Blazing fast 🚀 code completion in NeoVim powered by 🤖 GPT-3.5-Turbo


English | 简体中文

Blazing fast 🚀 code completion in NeoVim!


It's suggested to use packer.nvim to manage NeoVim plugins:

use {
    requires = {
    config = function()
        require'genius'.setup {
            -- This plugin supports many backends, openai backend is the default:
            default_bot = 'openai',
            -- You may obtain an API key from OpenAI as long as you have an account:
            -- Either set the environment variable OPENAI_API_KEY in .bashrc, or set api_key option in the setup here:
            config_openai = {
                api_key = os.getenv("OPENAI_API_KEY"),
            -- Otherwise, you may run DeepSeek-Coder locally instead:
            -- default_bot = 'deepseek',
            -- See sections below for detailed instructions on setting up this model.


In insert mode, hold cursor for 2 seconds (can be changed in setup), and completion will shows up. Press <Tab> to accept the completion.

The hold delay can be customized in the setup:

require"genius".setup {
    completion_delay_ms = 2000, -- microseconds before completion triggers, set this to -1 to disable and only allows manual trigger

If the completion didn't shows up in time or you've setup completion_delay_ms = -1, you may press <S-Tab> to manually trigger AI completion in insert mode.

Pressing <End> when cursor at the end of a line in insert mode triggers AI completion too.

Also, use :GeniusChat to enter free chat mode in a popup window.

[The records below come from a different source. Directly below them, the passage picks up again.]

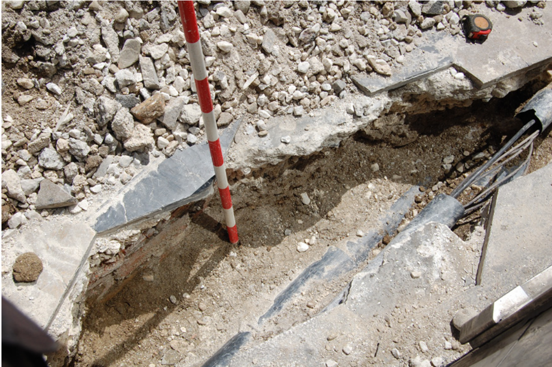
Lámina 3. Vista de la zanja y las tuberías.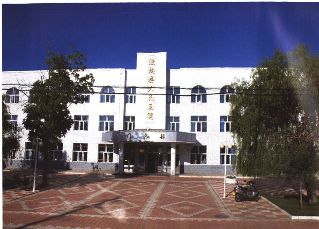
绥棱县人民医院门诊部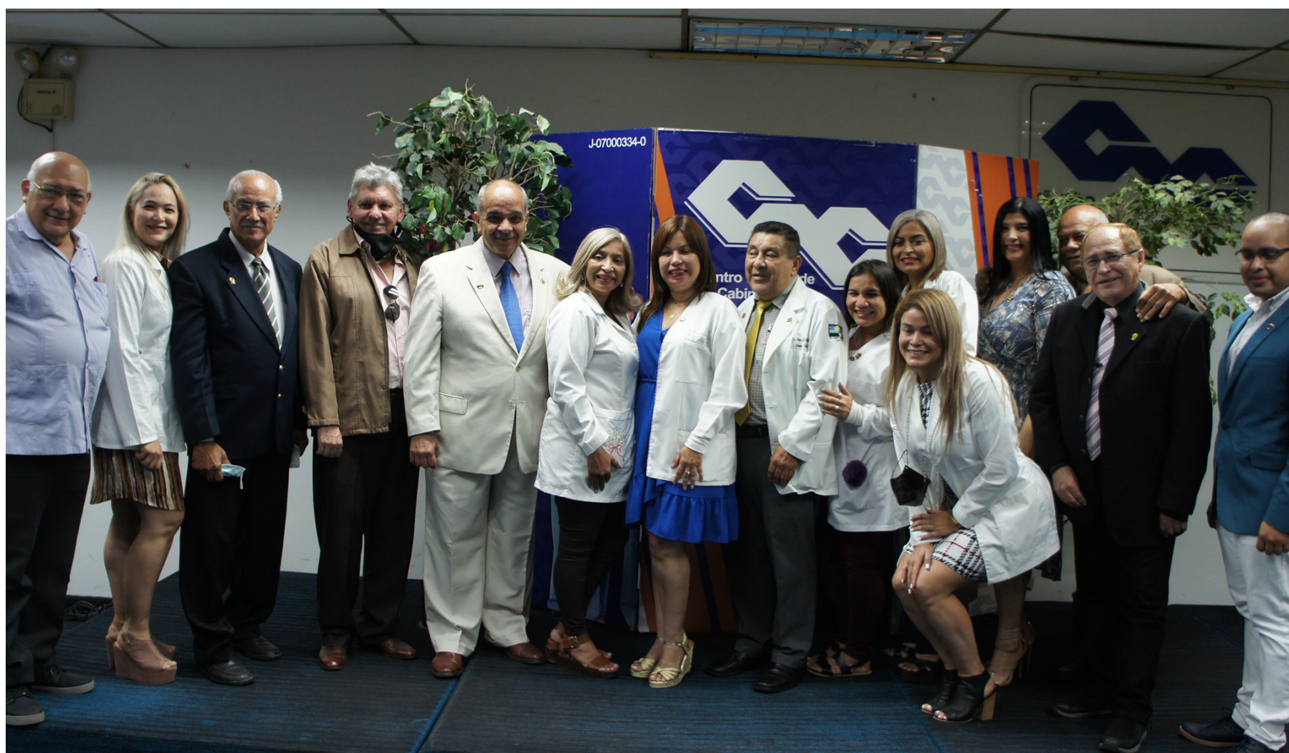
Parte del personal del CMC celebró el Día del Médico este 15 de marzo.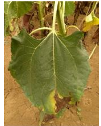
Phomopsis sur feuilles de tournesol

Les semis très précoces (<15/04), à densités élevées constituent les facteurs de risque aggravants, en particulier cette année. Rappelons aussi, que depuis plusieurs années, le phomopsis est devenu très discret sur le territoire.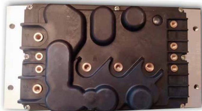
EL 9593 ( 24V ) EL 9592 ( 12V ) CAJA ELECTRÓNICA RT 35 SLIM 4 PINES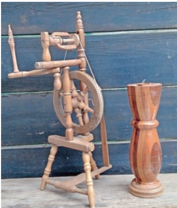
Spretni prsti ustvarijo tudi manjši kolovrat, ki prede volno, lesene vaze ...

This plugin mainly focus on code completion, so chat mode is still work in progress.

Tips & Tricks

When completion is visible. You may press:

  • <Tab> to accept the whole completion.
  • <Right> arrow to accept a single word.
  • <Left> arrow to revoke a single word.
  • <End> to accept a whole line.
  • <Home> to revoke a whole line.
  • <S-Tab> to regenerate a new completion.
  • <Del> to dismiss the completion.
  • Continue typing or leaving insert mode will dismiss the rest of the completion.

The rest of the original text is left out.